To add to what ES wrote, this is an explanation which helps me to understand it, and in general to understand why centrifugal force only exists in our heads:

Imagine you're driving a left-hand drive car, quite quickly, around a long sweeping bend to the right. You feel like there is a force acting on you, pushing you against the driver's door. We call it centrifugal force, but there is no force pushing you outwards, against the door.

Instead, what is happening is that your body wants to keep going in a straight line, but the car is turning. So your body keeps going straight ahead, following its momentum. And because the car is turning, it doesn't take long before your paths intercept, and the car door starts to push against your shoulder, diverting your straight line momentum as it turns. As you continue around the bend, the car door is constantly pushing you, adjusting your straight line momentum.

So there's never a force pushing you outwards, against the car door. The only force acting on you is the force of the car door constantly pushing against your shoulder and changing your direction of momentum.

The same happens in the space station. It can be thought of in the same way as being in a car going around a never-ending and consistent bend. An astronaut always has straight line momentum, and the floor of the station ring is constantly correcting the direction of their straight line momentum.
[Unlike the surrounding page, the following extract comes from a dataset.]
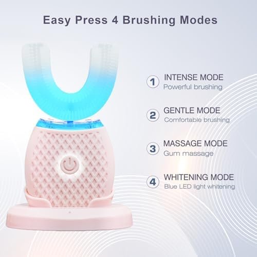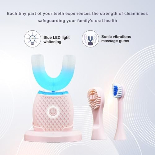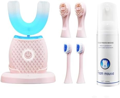 U-Shaped Electric Toothbrush for Adults with Foam Mousse, 4 Brush Heads, Auto 360° Ultrasonic Toothbrush with Blue LED Light, Hands-Free Smart Toothbrush Kit with Charging Base (Pink)

If you jump, you still have your momentum, so you'll appear to 'fall' diagonally back to the floor. Like in the car, if you push yourself off the door and into the centre of your seat, as long as you're turning the car you would still feel like there is a force pushing you back towards the door.

This also explains what you don't land on the same spot from which you jumped. Because, for the time that you're not in contact with the floor, there is nothing correcting your straight line momentum. So for a second or two, your direction of travel is different from that of the floor beneath you, as it turns around the centre of rotation, while you don't. Your different directions of travel explain why, when your feet meet the floor again, they meet it in a slightly different place.

This is reasonably clear in my mind, but having just read that back, is not particularly clear in the words I've written. I guess this is why physicists use maths rather than words to describe things....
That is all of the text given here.